Thursday, April 10, 2014

TSL Chapter 26 -- Unselfishness

Summary


Worms has (apparently) asked if courtship is the time for sowing seeds that will blossom ten years hence, into "domestic hatred."

Yes! Answers Screwtape, Yes! In the glow of love, humans will establish unsustainable relationship rules and then, when the "erotic" attraction dims, they'll grow to hate one another. Screwtape points, specifically, to the grand problem of "Unselfishness."

Basically each party aspires to put the other party's desires first and take semi-secret credit for being 'unselfish' -- and then: resentment! And dishonesty, and so-on.

Screwtape draws some kind of fine distinction between the demon-born negative of 'unselfishness' and the Godly virtue of Charity -- presumably Charity is sincere, but at any rate, he concludes with a slight, allusive non-sequitur: the hope that Slumtrimpet can do something about the Young Woman's "sense of the ridiculous."

Thoughts

Charity v. Unselfishness seems like a fairly fine semantic distinction, but the point here is reasonable: be Charitable (sincerely) or at least be up front about it. And don't expect anyone to be as Unselfish or Charitable as they are at the beginning of a relationship.

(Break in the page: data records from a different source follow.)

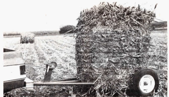
Bale mover lifts, loads and transports round bales up to 2,000 lbs.

To use, you just position bale mover against bale (above) so spike can be inserted into bale. Bale then moves onto trailer as you wind winch to retract the cable. By locking winch drum, bale is ready for transport.
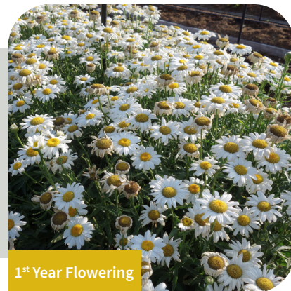
1 st Year Flowering

This is a mostly sterile Leucanthemum, with a high tolerance to botrytis.
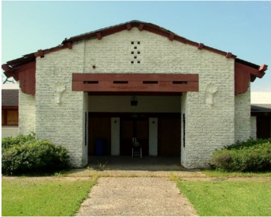
Tyrrell Park Community Building

And I want to give Lewis credit for focusing on unrealistic expectations of others rather than preaching an unrealistic level of Charity in his readers.

It's one thing not to live up to our expectations of ourselves, but another (worse) thing to hold others to an unreasonable standard.

One other thought: reading Screwtape's unconsidered gender essentialism -- something I suspect would have been utterly common sense in its day -- is a bit amusing to modern ears, especially the bit where he notes that even an advanced Christian woman will make an unholy nag of herself and a similarly advanced Christian man won't get off his ass to help anyone. I suspect this this sort of thing makes for brilliant ammunition in a properly Christian household.